Updated December 10th, 2021 at 19:07 IST

Webb Telescope will unravel mysteries of collapsing stars & exoplanets; ESA explains how

The European Space Agency (ESA) explained that among the Webb telescope's most significant forthcoming tasks will be exploring the life cycle of a star.

Reported by: Harsh Vardhan
Image: Twitter/@NASAWebb | Image:self
Advertisement

The James Webb Space Telescope (JWST) has lots of responsibilities and expectations attached to it as scientists believe that it will make discoveries that we can’t even imagine at the moment. Scheduled to launch on December 22, Webb is the most powerful telescope ever built and as the scientists say, it has been designed to answer fundamental questions about the universe.

Among its list of tasks that the telescope is supposed to perform is to study the nearby cosmos, which includes studying the life cycle of stars along with the atmospheric composition of exoplanets. 

The JWST to explore the collapse of stars

In a new report released earlier today, the European Space Agency (ESA) explained that among Webb's most significant forthcoming tasks will be exploring the life cycle of a star. Using its superb sensitivity to infrared light, the telescope will determine how and why clouds of dust and gas collapse into stars, or become gas giant planets or brown dwarfs. According to the agency, its ability to detect even the faintest of infrared will allow it to peer directly through the dusty envelopes around newly born stars and help astronomers investigate the faint, earliest stages of star birth known as 'protostellar cores'.
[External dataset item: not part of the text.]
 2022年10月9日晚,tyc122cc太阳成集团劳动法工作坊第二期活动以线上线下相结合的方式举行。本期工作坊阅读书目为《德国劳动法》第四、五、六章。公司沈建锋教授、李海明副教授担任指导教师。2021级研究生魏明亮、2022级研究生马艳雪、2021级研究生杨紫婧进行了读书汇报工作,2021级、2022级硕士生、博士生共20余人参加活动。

ESA explains that many simple elements are transformed into heavier elements during the lifetime of certain stars, which then spread these heavier elements further into space. These stars then distribute the elements through stellar winds and supernova explosions and enrich the space for the formation of new stars. It is these supernova explosions that will serve as a subject for Webb's study as they are the most energetic events in the cosmos and carry information about a death of a star.
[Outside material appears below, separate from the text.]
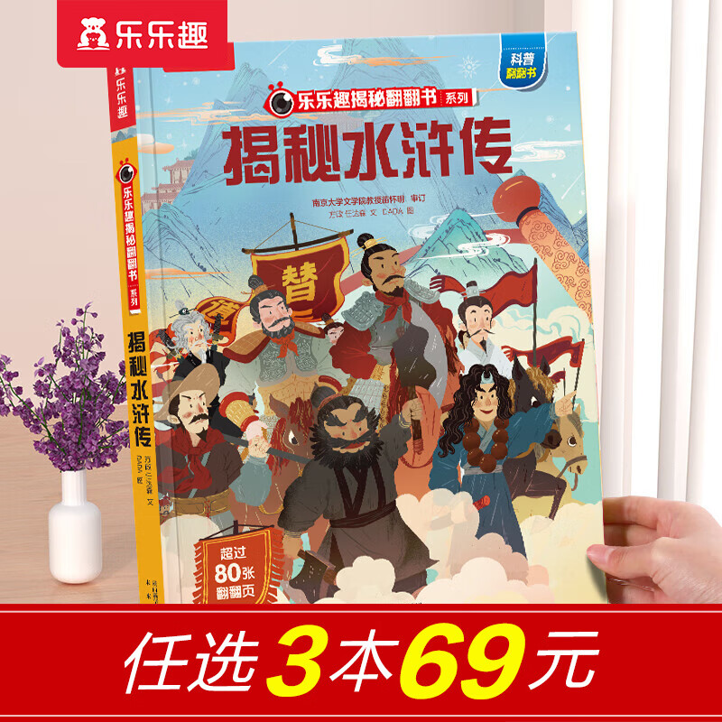 【69元选3本】揭秘翻翻书汽车交通工具绘本儿童3d立体书 3-6-7-10岁科普读物百科全书 乐乐趣揭秘系列全套童书籍机关书 揭秘水浒传-点读版

Next on agenda: Peering through the exoplanetary atmosphere

Over a number of years, scientists have confirmed the discovery of over 4,500 exoplanets with unique characteristics orbiting their host stars in interstellar space. Webb will target such planets to peer through their atmosphere in order to determine their atmospheric conditions such as temperature, chemical composition, and formation history. The telescope will do so by studying the light emerging from the surface of the exoplanets. According to the agency, the light emerging from the surface will carry information about the exoplanets' atmosphere which it would collect while passing through the atoms and molecules present there. 
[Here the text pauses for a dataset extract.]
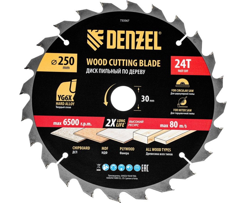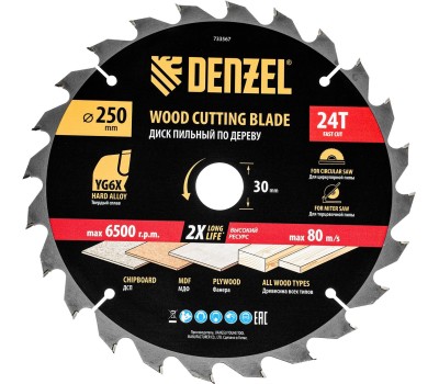 DENZEL Пильный диск по дереву ф250 х 30 мм, 24 зубьев 733567

In addition to this, the telescope will also look for planets having an Earth-like atmosphere by searching methane, water, oxygen, carbon dioxide along with complex organic molecules, that are considered the building blocks of life. Developed in partnership with ESA, NASA, and the Canadian Space Agency (CSA), the telescope worth $10 billion will liftoff on December 22, aboard an Ariane 5 rocket from Europe’s Spaceport in French Guiana.